Now imagine if the American automobile industry functioned like the American K-12 system. In this scenario, states draw car purchase boundaries around car manufacturing plants. Residents within this boundary pay taxes to their local plant, which is overseen in theory by an elected board. In practice, these elections are low-profile, non-partisan and often attract 10% or fewer of eligible voters. The United Autoworkers find it relatively easy to influence these elections.

Imagine a world in which the Ford Motor Company was able to utilize politics to keep making Edsels and Model Ts and Model As for decades on end.

Tiebout choice still exists, however.

If you want a car other than an Edsel, that’s no problem; you can move to a Corvette zone if you like. Yes, real estate is pricier in the Corvette zone, but your friends and neighbors intimate to you that you get what you pay for, and it’s for the children.

You also can buy a vehicle from an independent car company, but you must pay your Edsel taxes regardless, placing such vehicles out of the financial reach of most Americans.

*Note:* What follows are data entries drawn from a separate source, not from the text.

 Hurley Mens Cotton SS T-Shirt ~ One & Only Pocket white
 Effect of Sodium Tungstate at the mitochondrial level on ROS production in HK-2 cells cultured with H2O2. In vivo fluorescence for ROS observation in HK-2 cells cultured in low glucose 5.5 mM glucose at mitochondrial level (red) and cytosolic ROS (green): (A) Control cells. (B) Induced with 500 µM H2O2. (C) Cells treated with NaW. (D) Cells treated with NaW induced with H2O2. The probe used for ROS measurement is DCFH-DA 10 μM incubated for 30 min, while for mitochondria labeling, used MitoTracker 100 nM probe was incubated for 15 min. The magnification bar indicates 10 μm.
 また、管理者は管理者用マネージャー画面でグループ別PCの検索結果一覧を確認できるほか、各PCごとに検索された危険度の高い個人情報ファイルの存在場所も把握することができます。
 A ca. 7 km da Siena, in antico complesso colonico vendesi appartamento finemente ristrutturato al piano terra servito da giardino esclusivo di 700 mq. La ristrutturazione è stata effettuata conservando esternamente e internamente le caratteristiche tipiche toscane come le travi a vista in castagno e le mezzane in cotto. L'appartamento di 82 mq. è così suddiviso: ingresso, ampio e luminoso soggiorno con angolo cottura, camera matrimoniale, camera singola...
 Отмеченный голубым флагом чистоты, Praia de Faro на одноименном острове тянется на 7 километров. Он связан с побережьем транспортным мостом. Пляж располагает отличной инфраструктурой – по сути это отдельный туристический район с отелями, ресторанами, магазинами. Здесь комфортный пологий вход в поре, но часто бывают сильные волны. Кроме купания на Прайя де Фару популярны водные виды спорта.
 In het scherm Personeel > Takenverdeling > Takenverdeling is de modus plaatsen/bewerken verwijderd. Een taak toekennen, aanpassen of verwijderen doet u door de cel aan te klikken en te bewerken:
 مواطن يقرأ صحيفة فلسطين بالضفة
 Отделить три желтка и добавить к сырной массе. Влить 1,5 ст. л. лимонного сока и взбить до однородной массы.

Run this story forward a few decades. Wealthy families have long since departed from the Edsel districts and their like, having paid a real estate premium for fancy districts. The car districts continually claim they need more money to produce better cars, and taxpayers continuously provide it.

They really want a good car, and it is difficult to imagine a different system. Academic improvement generally happens at a rate nothing like the increase in spending.

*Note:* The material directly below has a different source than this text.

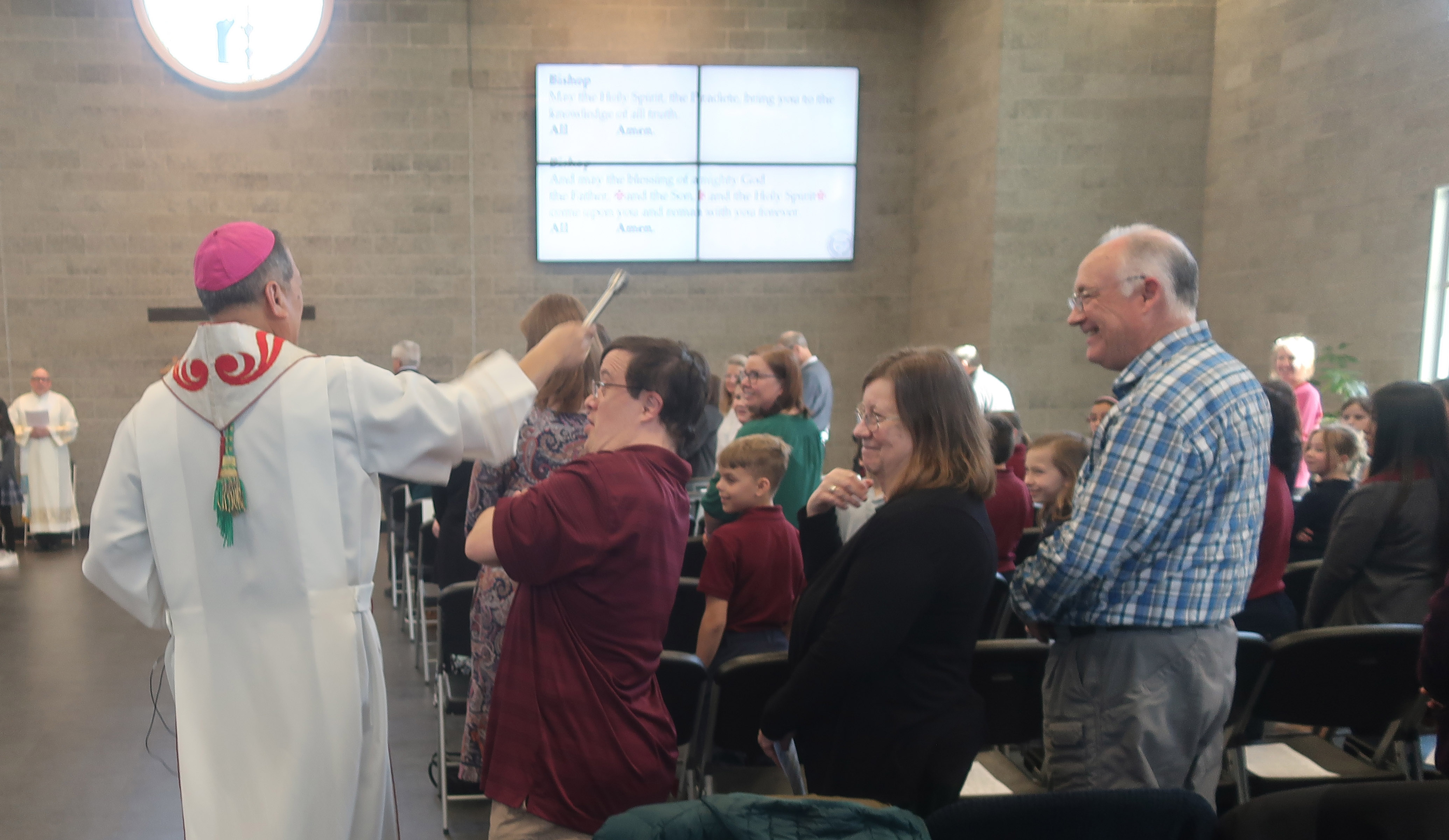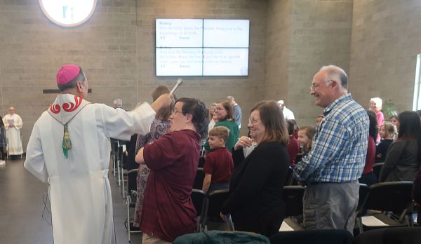 El 18 de marzo la comunidad de la escuela Católica de St. Olaf recibió al Ibispo Oscar A. Solis para juntos celebrar la dedicación de un nuevo edificio de 16,000 pies cuadrados que se anexó a la escuela. Aquí el Obispo Solis bendice el nuevo edificio sorprendiendo a uno de los asistentes a la celebración.

Highly segregated by income and race, the public car system and the now very politically powerful interests with a stake in the status-quo become quite adept at opposing and/or undermining efforts to improve productivity in the industry. The system stands rigged in favor of the wealthy and in favor those who make Edsels; Edsels today, Edsels tomorrow, Edsels forever.

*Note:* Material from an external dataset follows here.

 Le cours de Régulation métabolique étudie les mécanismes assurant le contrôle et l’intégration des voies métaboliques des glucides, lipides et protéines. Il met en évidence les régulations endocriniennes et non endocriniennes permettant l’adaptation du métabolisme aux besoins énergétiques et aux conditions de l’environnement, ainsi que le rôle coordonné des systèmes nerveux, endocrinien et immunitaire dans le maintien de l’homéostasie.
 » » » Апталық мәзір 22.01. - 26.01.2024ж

Just in case you suspect embellishment, let’s take a look at just how rigged the K-12 system is against the poor. Data from the Educational Opportunity Project at Stanford University will do the trick.

This chart will take some decipherment, but it is worth it, so stick with me.

Every dot is a state. The chart shows the differences in academic growth between non-poor and poor students. Every state above the horizontal “no difference” line has a faster rate of academic growth for middle and high-income students than low-income students. Yes, it is almost everywhere.

Way at the top right, marked “1,” is the District of Columbia with the largest gap in favor of the non-poor and rich. The District of Columbia, after turning a large portion of the education of low-income D.C. students to charter schools, managed to get the academic growth rate for poor students to the national average.

Low-income students in D.C. need a faster rate than average if they are to close achievement gaps, but one suspects matters were even worse in decades past.

May the odds be ever in your favor, rich D.C. kids!

Non-poor D.C. students, meanwhile, learn at a rate 18.5% faster than the national average. Buying into that Telsa, sorry, Georgetown attendance zone will cost you a fortune, but it runs like a charm for your little darling and will take him where he wants to go.

District of Columbia Public Schools have become remarkably adept at one thing: serving the academic needs of the wealthy. The poor, not so much.

Returning to the chart, a small number of states are near the horizontal “no difference” line. None of them, however, have an impressive rate of academic growth for either non-poor or poor students.

The lone outlier, marked “2,” has a fast rate of academic growth for non-poor students and an even faster one for poor students. The learning rate for non-poor students is 11.4% higher than the national average. The learning rate for poor students, however, is 17.4% above the national average, so there was gap-closing happening in this state in the period covered (2007-2018).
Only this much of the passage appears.